+++ DATA SECTION +++

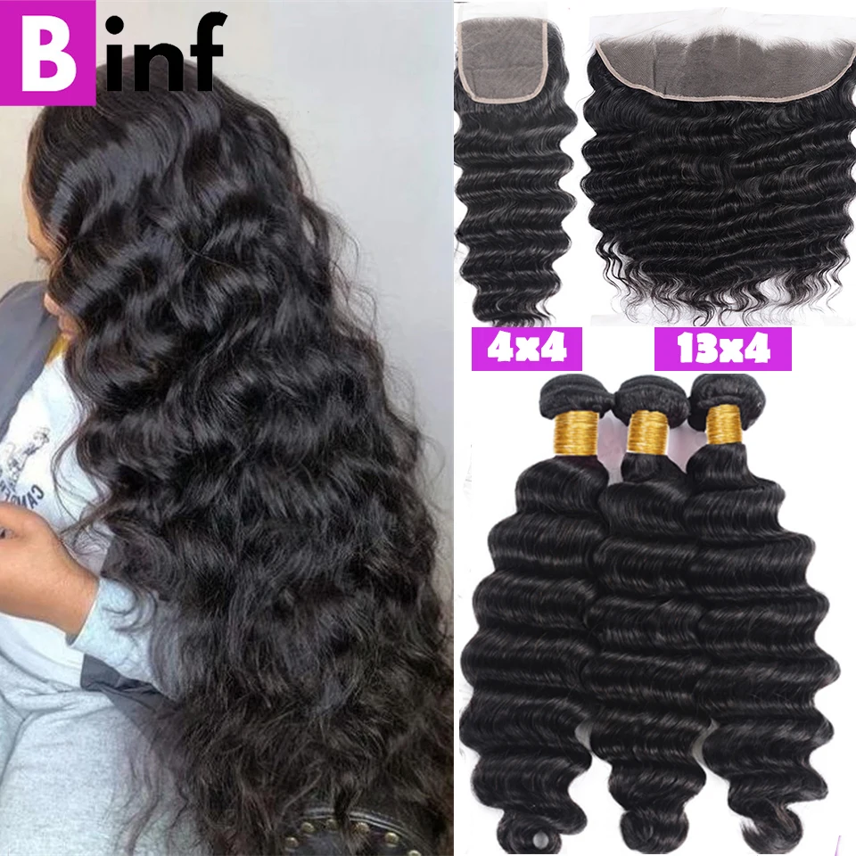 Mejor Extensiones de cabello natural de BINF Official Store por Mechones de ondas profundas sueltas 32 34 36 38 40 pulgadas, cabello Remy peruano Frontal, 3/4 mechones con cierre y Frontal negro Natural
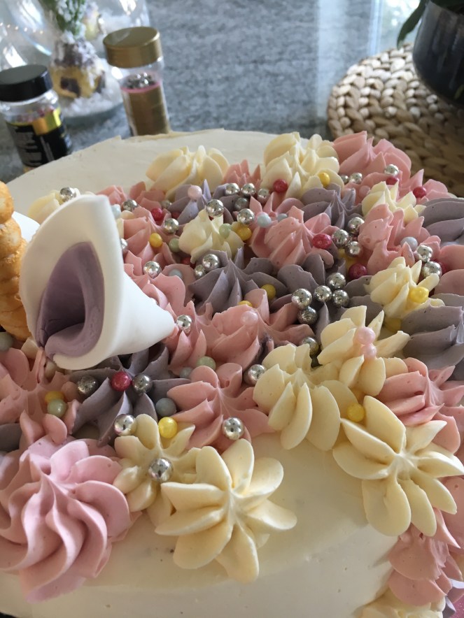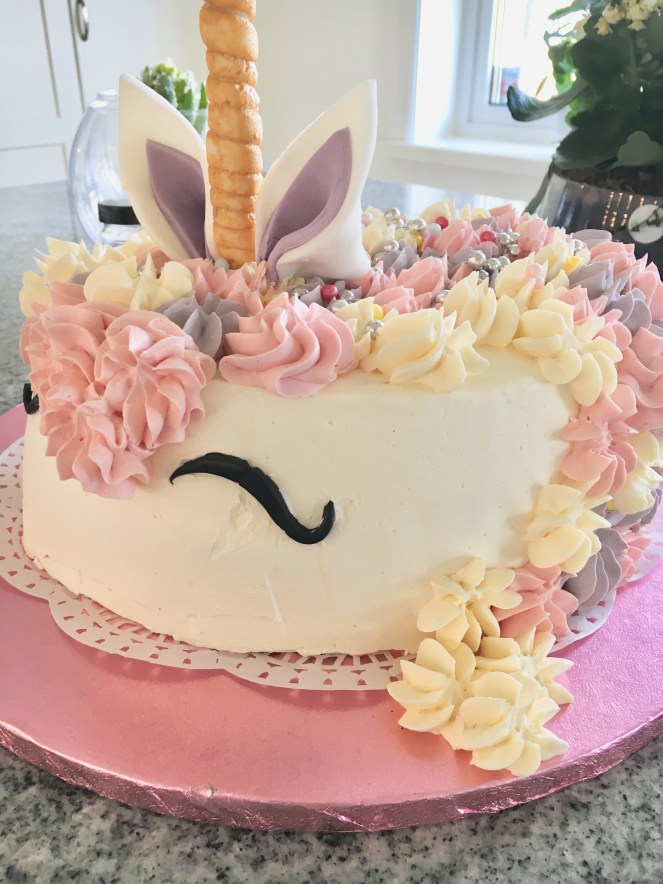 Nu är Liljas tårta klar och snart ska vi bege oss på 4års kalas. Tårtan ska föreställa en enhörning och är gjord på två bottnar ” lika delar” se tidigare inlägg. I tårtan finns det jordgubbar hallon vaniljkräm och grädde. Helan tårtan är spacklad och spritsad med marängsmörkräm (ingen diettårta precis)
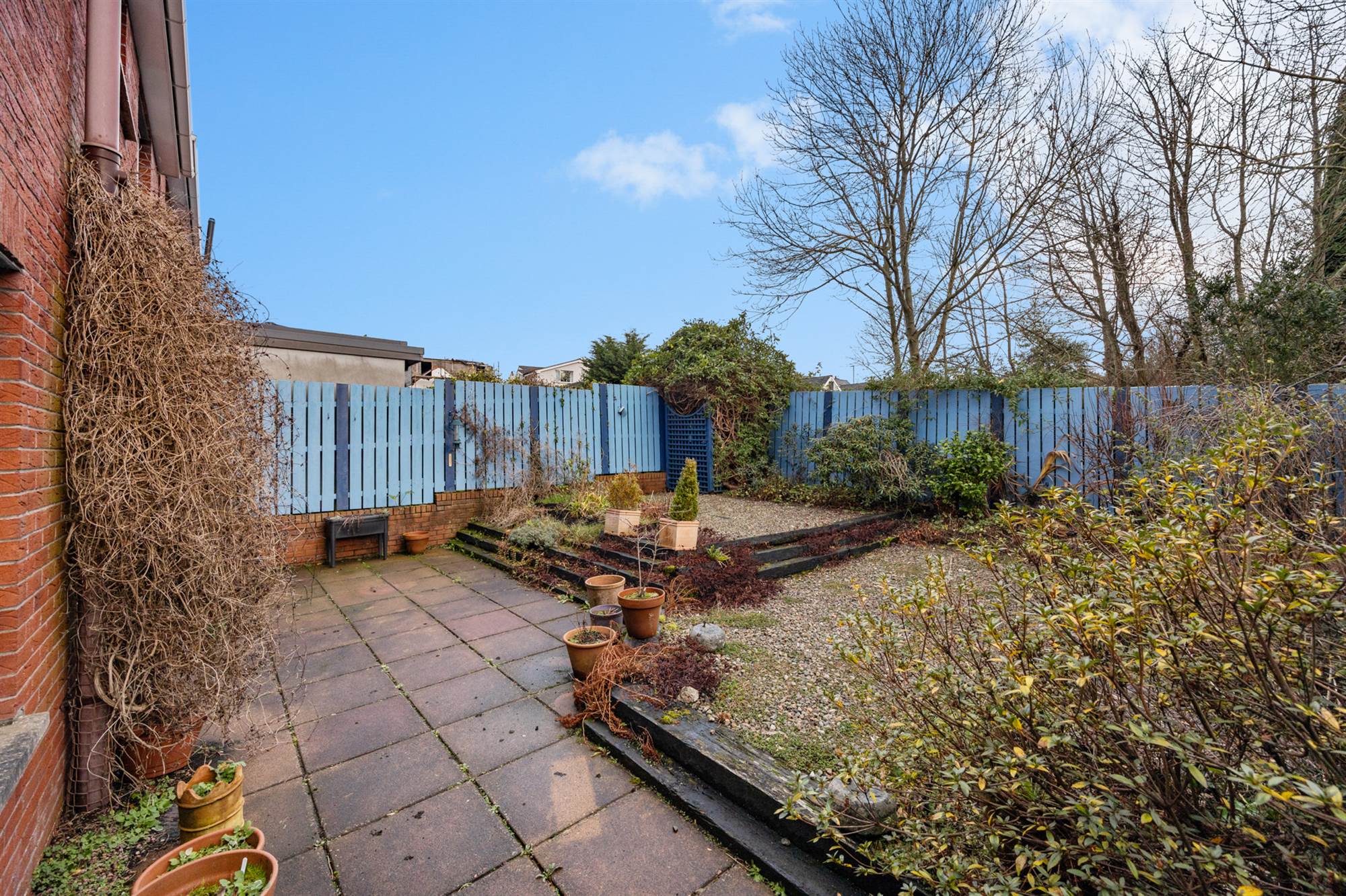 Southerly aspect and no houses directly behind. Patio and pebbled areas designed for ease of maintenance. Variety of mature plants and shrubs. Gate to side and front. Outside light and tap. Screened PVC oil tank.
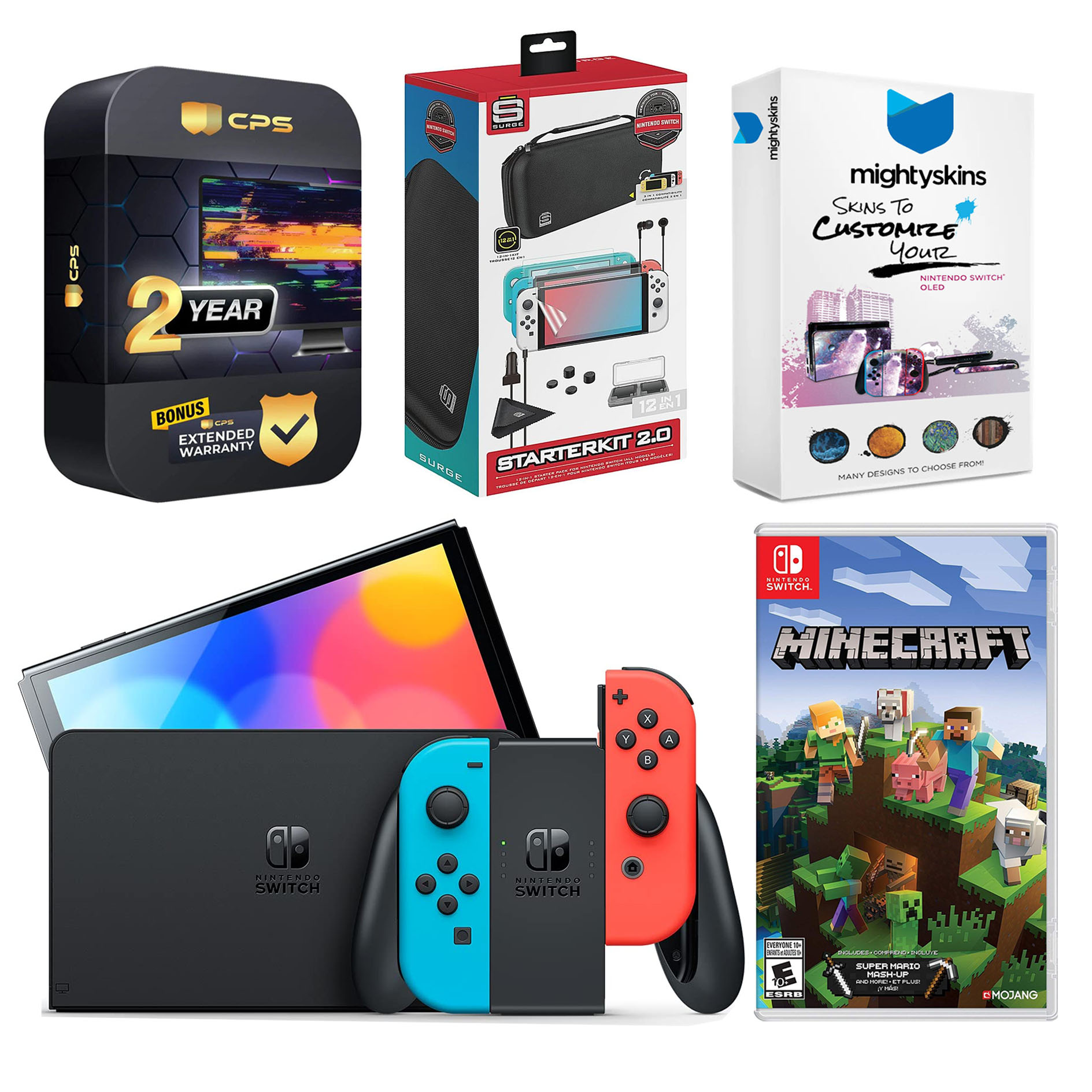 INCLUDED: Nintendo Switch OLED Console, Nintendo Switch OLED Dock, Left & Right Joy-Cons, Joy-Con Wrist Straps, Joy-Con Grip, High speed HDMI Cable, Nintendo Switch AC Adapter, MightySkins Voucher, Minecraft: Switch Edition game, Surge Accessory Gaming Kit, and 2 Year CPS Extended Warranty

+++

• _WHAT TO DO_: Write out each line of the data exactly; the images should be left out.

• _PROBLEM SOLUTION_:
 Mejor Extensiones de cabello natural de BINF Official Store por Mechones de ondas profundas sueltas 32 34 36 38 40 pulgadas, cabello Remy peruano Frontal, 3/4 mechones con cierre y Frontal negro Natural
 Nu är Liljas tårta klar och snart ska vi bege oss på 4års kalas. Tårtan ska föreställa en enhörning och är gjord på två bottnar ” lika delar” se tidigare inlägg. I tårtan finns det jordgubbar hallon vaniljkräm och grädde. Helan tårtan är spacklad och spritsad med marängsmörkräm (ingen diettårta precis)
 Southerly aspect and no houses directly behind. Patio and pebbled areas designed for ease of maintenance. Variety of mature plants and shrubs. Gate to side and front. Outside light and tap. Screened PVC oil tank.
 INCLUDED: Nintendo Switch OLED Console, Nintendo Switch OLED Dock, Left & Right Joy-Cons, Joy-Con Wrist Straps, Joy-Con Grip, High speed HDMI Cable, Nintendo Switch AC Adapter, MightySkins Voucher, Minecraft: Switch Edition game, Surge Accessory Gaming Kit, and 2 Year CPS Extended Warranty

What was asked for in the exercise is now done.